DATA:
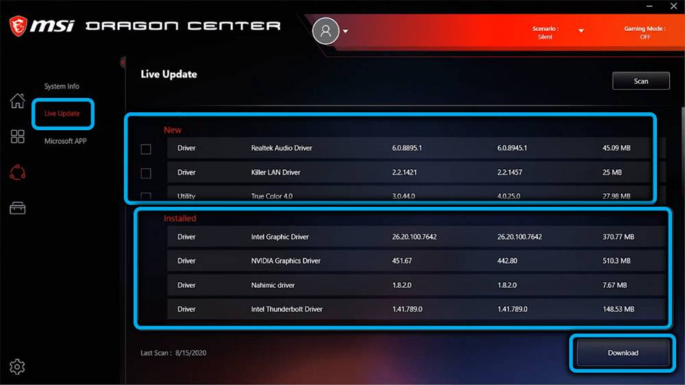 Программа позволяет сделать процесс загрузки драйверов и установки обновления служебного ПО ещё более простым при помощи вкладки «Live Update», которую можно найти в разделе «Поддержка». Выбранная опция покажет список ПО, которые нуждаются в обновлении. Их можно найти под пунктом «New», где нужно будет проставить галочки и начать загрузку обновлений при нажатии на «Download».
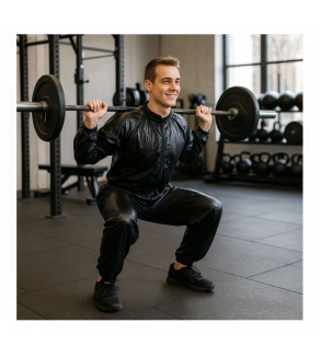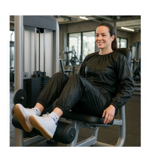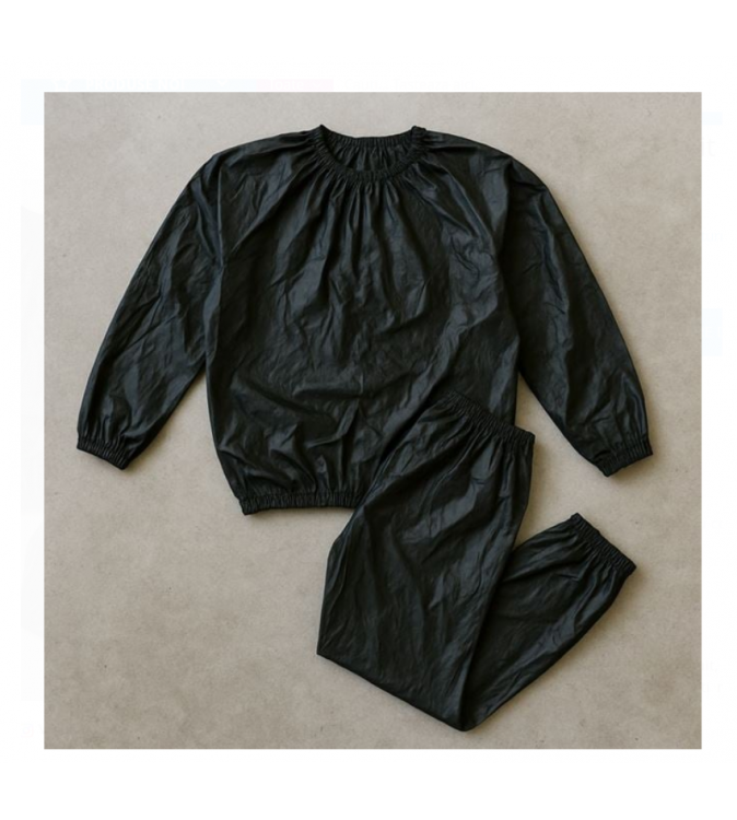 Costum pentru transpiratie sauna suit, va ajuta sa transpirati si sa ardeti calorii in timp ce faceti exercitii fizice purtandu-l. Beti multa apa pentru a ramane hidratati atunci cand purtati costumul.
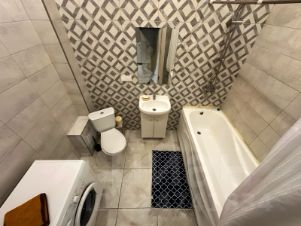 В квартире сделан качественный ремонт, установлена современная мебель и техника. Просторная комната с удобной планировкой, где можно легко организовать рабочее место или зону отдыха. Кухня оборудована всем необходимым для комфортного проживания. Санузел совмещённый, в современном стиле.
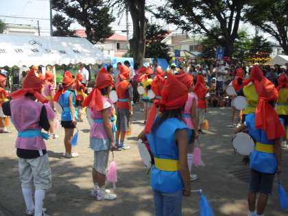 夏休み最初の土曜日に、ふれあい祭りで「七月エイサー」を再び多くの方に見守られながら踊ることができました。ギラギラと輝く太陽の下気持ちよく踊ることができました。
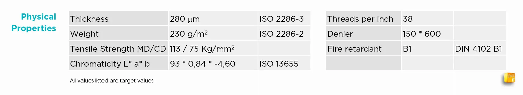 Canon IJM579 Polyweave Heavy B1 235g/m²: B1-certified, 100% polyester, heavy photo textile, with a water-resistant, matt surface, for indoor and short- term outdoor use.

WHAT THE EXERCISE ASKS:
Print verbatim every line above, apart from the pictures.

TASK RESPONSE:
 Программа позволяет сделать процесс загрузки драйверов и установки обновления служебного ПО ещё более простым при помощи вкладки «Live Update», которую можно найти в разделе «Поддержка». Выбранная опция покажет список ПО, которые нуждаются в обновлении. Их можно найти под пунктом «New», где нужно будет проставить галочки и начать загрузку обновлений при нажатии на «Download».
 Costum pentru transpiratie sauna suit, va ajuta sa transpirati si sa ardeti calorii in timp ce faceti exercitii fizice purtandu-l. Beti multa apa pentru a ramane hidratati atunci cand purtati costumul.
 В квартире сделан качественный ремонт, установлена современная мебель и техника. Просторная комната с удобной планировкой, где можно легко организовать рабочее место или зону отдыха. Кухня оборудована всем необходимым для комфортного проживания. Санузел совмещённый, в современном стиле.
 夏休み最初の土曜日に、ふれあい祭りで「七月エイサー」を再び多くの方に見守られながら踊ることができました。ギラギラと輝く太陽の下気持ちよく踊ることができました。
 Canon IJM579 Polyweave Heavy B1 235g/m²: B1-certified, 100% polyester, heavy photo textile, with a water-resistant, matt surface, for indoor and short- term outdoor use.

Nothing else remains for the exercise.